If you must get a Classic, get the 2215 because you can switch the motor with a 2217 easily. Oh and don't worry about having too much flow, the 2215 will slow down to a trickle.The connections sucks too! Eheim Quick Disconnects? More like, quickly get a towel disconnect.


----------



## Norman (Feb 13, 2011)

I also vote for the Eheim Pro. Can't go wrong with an Eheim...


----------



## Wiccandove (May 19, 2012)

While I agree you can't go wrong with Eheim, I will chime in with my limited experience with the Cobalt canister which I have running as a second canister filter on my 110. I have to say I really like this filter. It doesn't have a motor, instead it runs with a pump on the intake. Maintenance is super easy, when you open the top the pump still runs so your water never stops circulating. The trays can go in any direction so its dummy proof, holds a lot of media and is self priming. Honestly if they made a bigger model I would replace my other canister (aquatop) with it just because its so easy to maintain. I'm not a huge fan of the aquatop so I'm not going to suggest it


----------



## blunthead (Jan 24, 2011)

the eheim pro 2s were very good, most of my canisters are those and the older rena xp series. i had a bunch of pro 3s but but got rid of them all, they had problems with the heads leaking. the new pro4s are coming ill be getting one of them as soon as they do to try out, look very similar to the pro3s. whats nice about them is they only use like 13 watts of electricity


----------



## RCShevalier (Oct 6, 2015)

Once again, thank you everyone for all of the replies. I picked up an Eheim 2217 tonight and it is now up and running. Being my first canister it certainly was interesting to see the comparison in how much media a canister vs. HOB filter holds.

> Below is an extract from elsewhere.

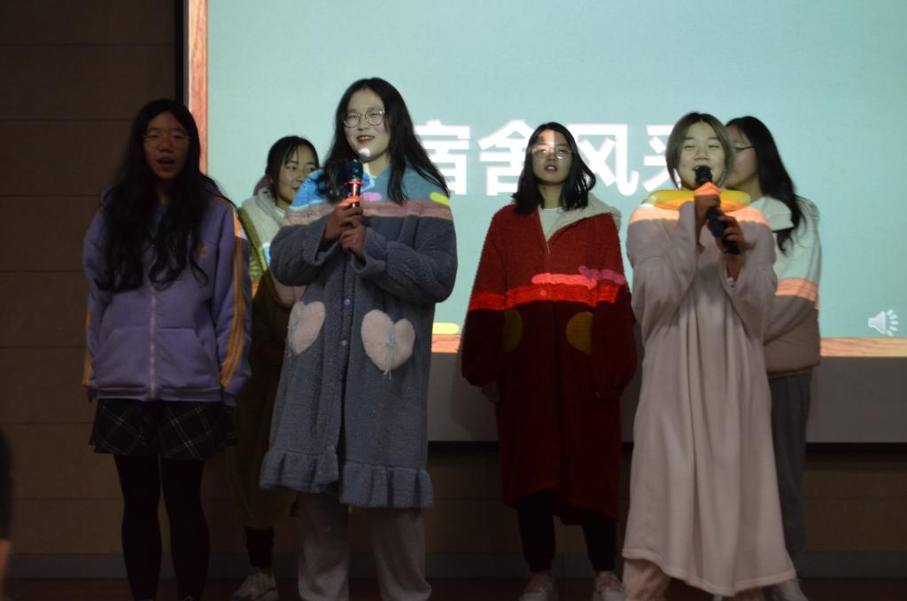 本次宿舍风采展示大赛每支参赛队伍的展示分为两部分:第一部分为宿舍情况汇报,通过制作精美PPT作品或自己拍摄的视频来展示自己宿舍的故事,参赛选手有序发言,展现了良好的宿舍氛围,通过参赛选手的展示也让现场观众认识到了良好宿舍氛围的重要性;第二部分是宿舍才艺展示,参赛宿舍成员通过丰富多彩的才艺展示,展现了21级学生积极向上的生活态度和朝气蓬勃的精神面貌。比赛最后,根据参赛选手PPT的解说及宿舍才艺的展示,经评委打分,获得一等奖的宿舍为GB15-512;获得二等奖的宿舍为GB2-134、GA15-514;获得三等奖的宿舍为GB2-203、GB2-142。
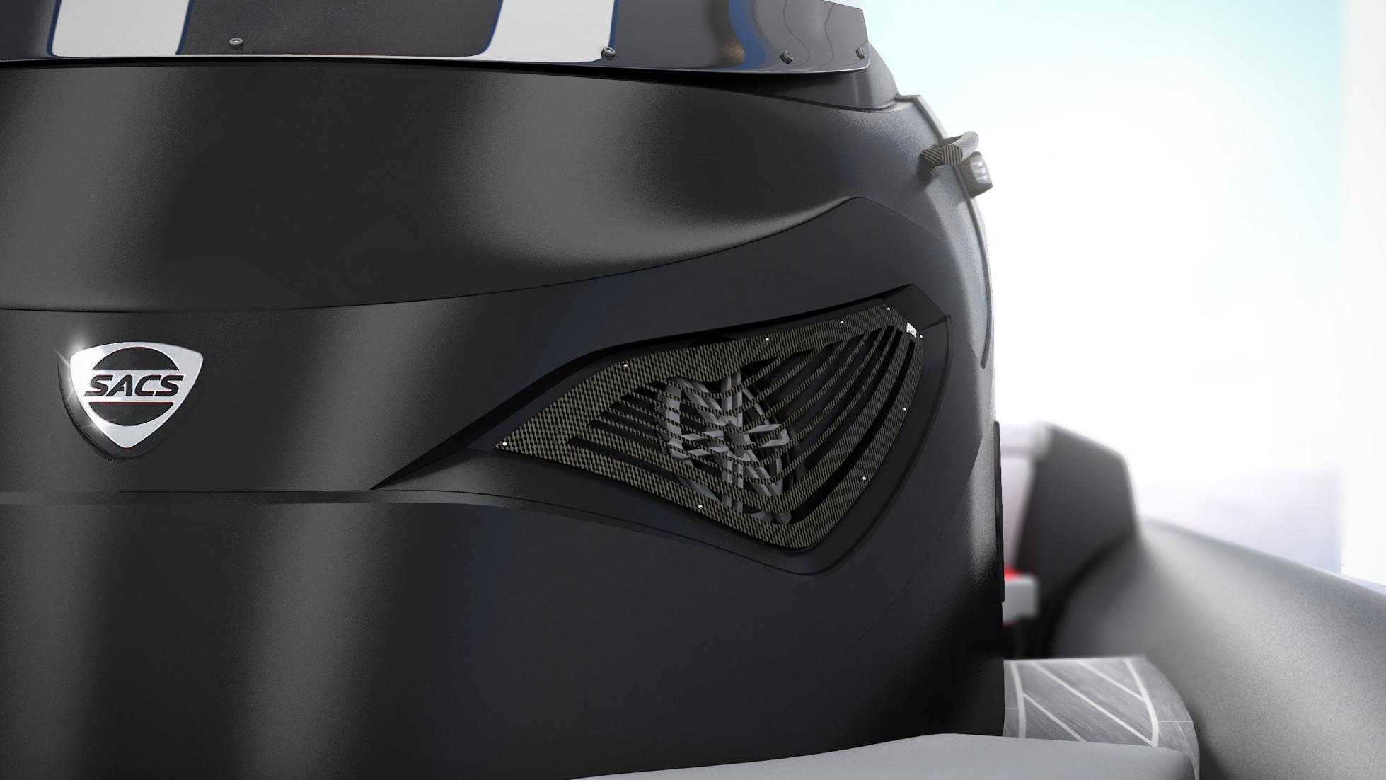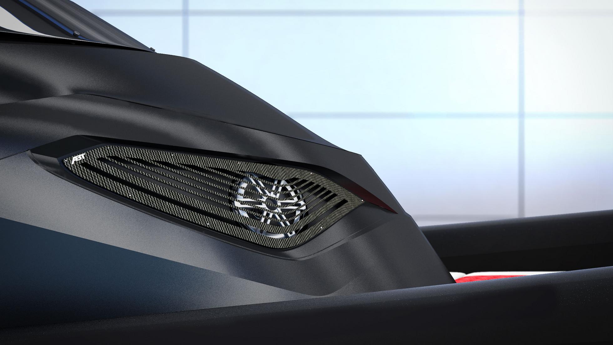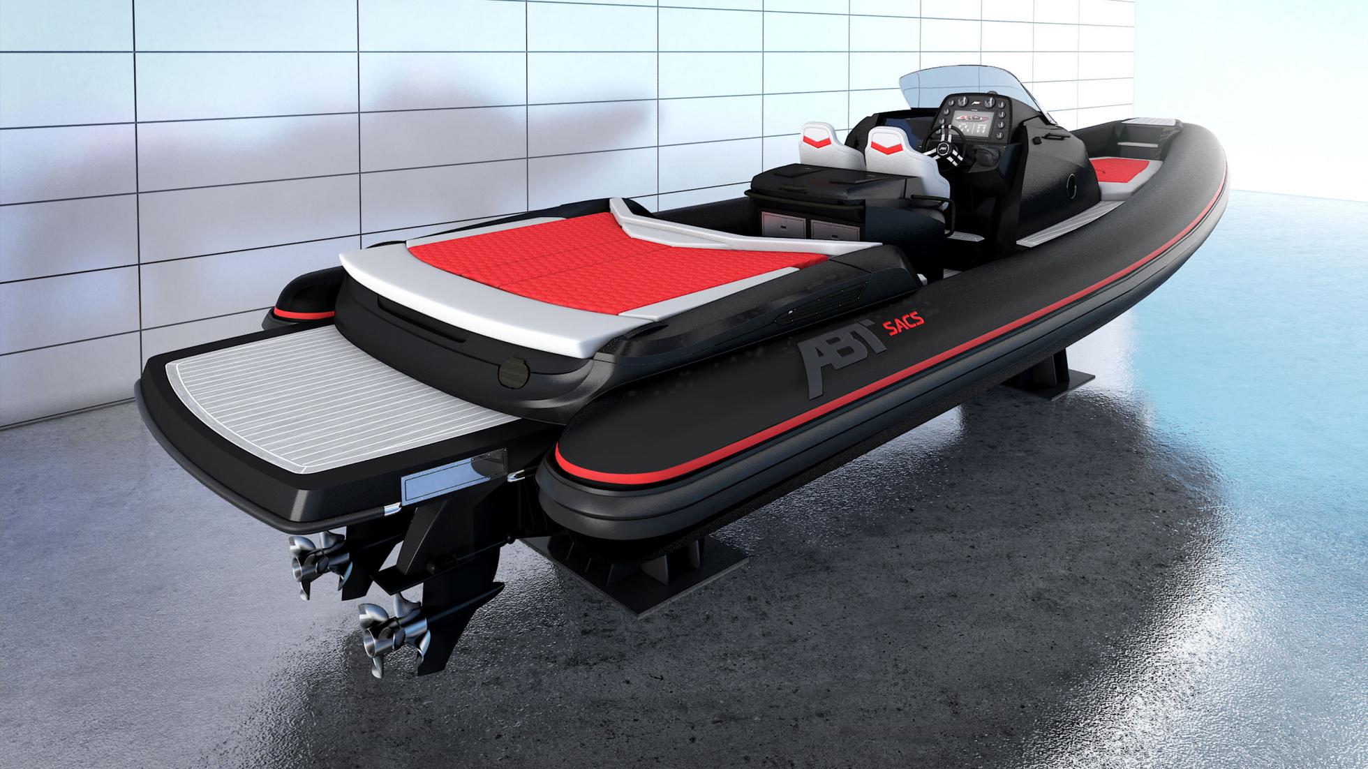 這架充滿神秘感的全黑充氣快艇,是以意大利遊艇專家SACS Marine的Strider 11為基礎,再加以ABT精心安排的升級而成。ABT為船身改配大量賽車級的CRP碳纖物料,而座位以及擺放行李的位置則以灰搭紅色的皮革包裹,船艙內更安裝了大型冰箱,設備非常豪華。可是,豪華只是一道配菜,從來ABT的作品也是以性能為主菜宴客。Strider 11的基礎型號本來配備兩台365匹的柴由引擎,合共已達730匹馬力輸出,而在ABT的「power」 performance升級之下,總馬力將提升至790匹,為它提供80節,即95km/h地面速度的極速表現,引擎更伴隨排氣聲音控制,有如陸地上的新型超跑。

I've left my Aquaclear running alongside the Eheim until some bacteria builds up in the Eheim. This is the correct thing to do, yes? With the two filters running there is certainly a lot of current in the tank. Will this be problematic for the fish/plants?


----------



## TBemba (Jan 11, 2010)

Yes and current is a good thing. Surface agitation is a must. You probably have enough bacteria with out the hob but leaving it for a week won't hurt.


----------



## Fijidevil (Dec 7, 2010)

Right on as better to get 2 small then 1 big as I run 2217 & 2215 on my 90 gallon tank. I always augment with a sponge filter as I have run into my HOFs not resetting after a power surge like last night.


----------



## TBemba (Jan 11, 2010)

Yep.

I used 2 Sponge filter when I had fresh. I use to have discus and two large sponge filters were the main filtration. then clean one every other month. Fry love it and some plecos eat it


----------



## RCShevalier (Oct 6, 2015)

Quick question concerning my new Eheim 2217. When I do water changes the water is going to drop significantly below the spray bar. Is it okay to turn the filter off during this time? If so, am I fine just unplugging it and plugging it back in?

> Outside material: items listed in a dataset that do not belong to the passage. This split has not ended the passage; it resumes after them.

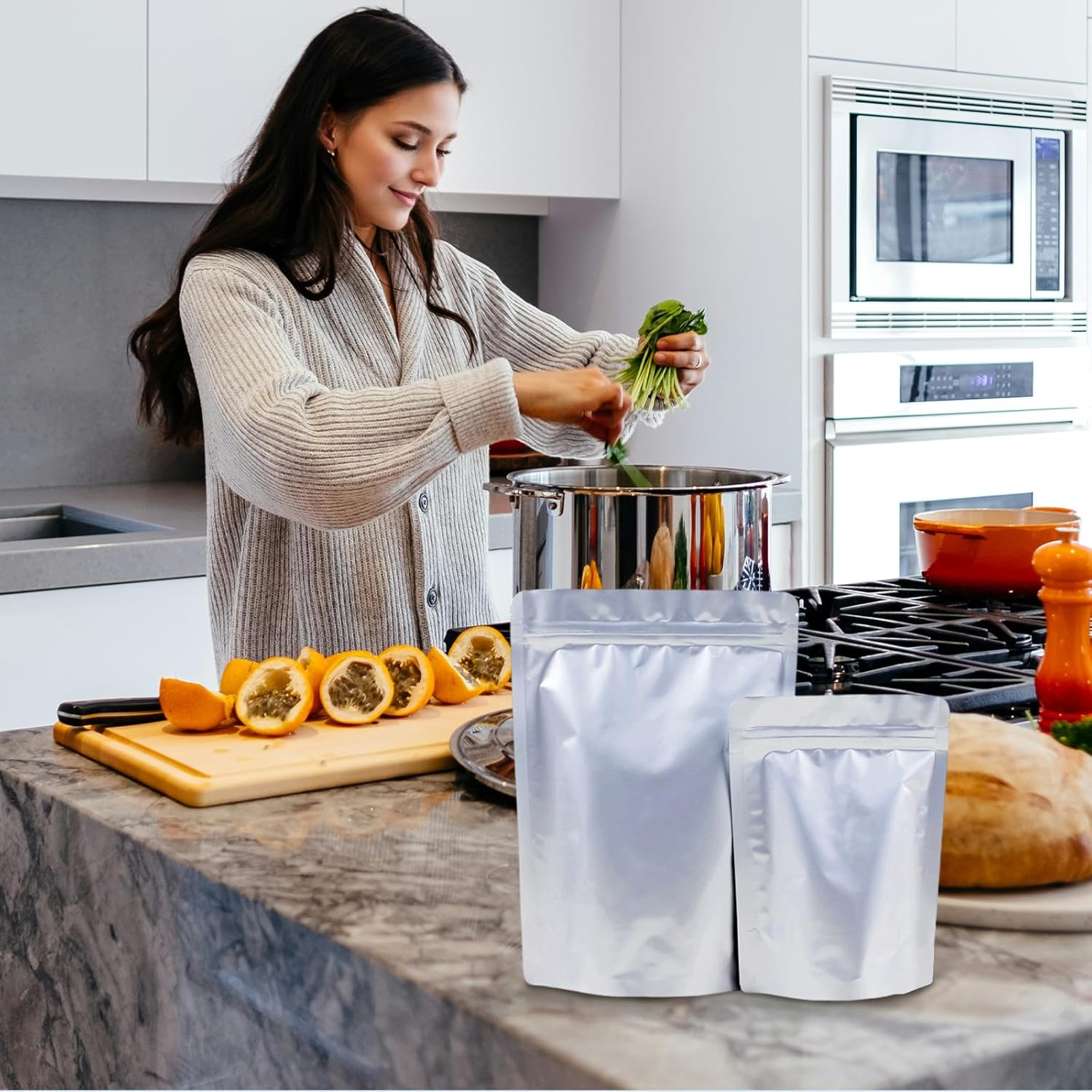 Muka flexible package teams are committed to solving the food storage problem and improving the quality of multi-style food package pouches. Our team continues to explore more possibilities for long-term food storage. With these Aluminum Foil Stand-Up Pouches, you can keep your food and product inside for long-term storage and also keep the food and product fresh and healthy. Our foil Mylar bags are made of food-grade materials, safe, durable, and Tasteless. They are made of food-grade pure aluminum Foil, which can protect your food inside from light and air permeation and keep your food safe and stored for the longer term. With a wide bottom, these package bags can stand up. They are heat-sealable and reusable. They are great package pouches for grains, beans, oats, pet food, dried fruits, candy, coffee beans, tea, etc. Material: PET/Aluminum Foil/PESize and thickness for double sides: 5 x 7, 8.6 mil6 x 9, 8.6 mil6.8 x 9.5, 9.4 mil 7 x 10, 9.4 mil7 x 12, 9.4 mil8.25 x 12.25, 9.4 mil10 x 14, 9.4 milColor: SilverPackage: 50pcs pouch packaged with 1 opp bag.
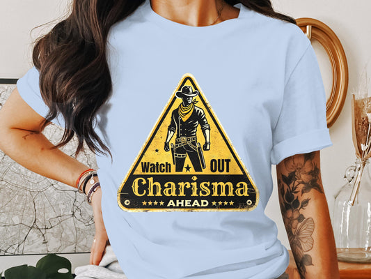 Watch Out Charisma Ahead Cowboy Danger Sign Style T-Shirt
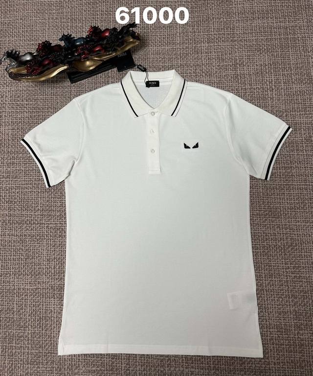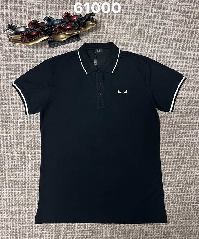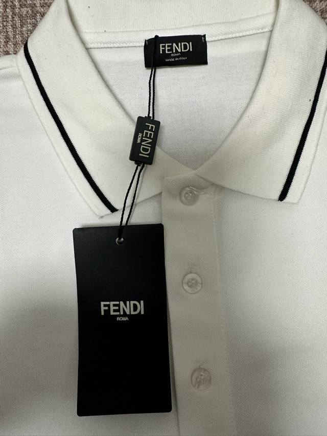 / Fendi men's open-chest collared shirt, 61000 style, pure cotton fabric, embroid

Also, is it okay to have excess intake and outtake tubing? I read that you should cut the tubing down so that everything just fits, but I left the tubes at full length in case the filter ever goes on a different tank set up and I need the length.


----------



## TBemba (Jan 11, 2010)

yep just unplug it when you do a water change and plug it back in after. Sometimes you have to tip it to get the air out.


----------



## trinifishguy (Jan 29, 2015)

The hot magnam canister filter ones of best filters have ever owned also have a 360 c and they both work amazing


----------



## Y2KGT (Jul 20, 2009)

I think I've tried them all including Eheim Classic and Pro, Fluval FX5, Marineland/Tetra but my favourite by far is the Rena Filstar XP canister filters. 

They all share the same sponges, baskets, quick disconnect valve, hoses etc. regardless of what size you buy so if you're like me and have 9 ranging from XP2 to XP4 you don't have to worry about spare parts as much.

Very easy to clean and maintain which is very important when you have so many filters and tanks.
--
Paul


----------



## zenins (Sep 17, 2013)

Y2KGT said:


> I think I've tried them all including Eheim Classic and Pro, Fluval FX5, Marineland/Tetra but my favourite by far is the Rena Filstar XP canister filters.
> 
> They all share the same sponges, baskets, quick disconnect valve, hoses etc. regardless of what size you buy so if you're like me and have 9 ranging from XP2 to XP4 you don't have to worry about spare parts as much.
> 
> ...


I agree 

I run 6 Rena XP canisters and 2 Eheims

I use the Eheims on my smaller tanks because the XPs have a more powerful flow and makes a small tank like a washing machine


----------



## Pocky (Jun 20, 2015)

RCShevalier said:


> Quick question concerning my new Eheim 2217. When I do water changes the water is going to drop significantly below the spray bar. Is it okay to turn the filter off during this time? If so, am I fine just unplugging it and plugging it back in?
> 
> Also, is it okay to have excess intake and outtake tubing? I read that you should cut the tubing down so that everything just fits, but I left the tubes at full length in case the filter ever goes on a different tank set up and I need the length.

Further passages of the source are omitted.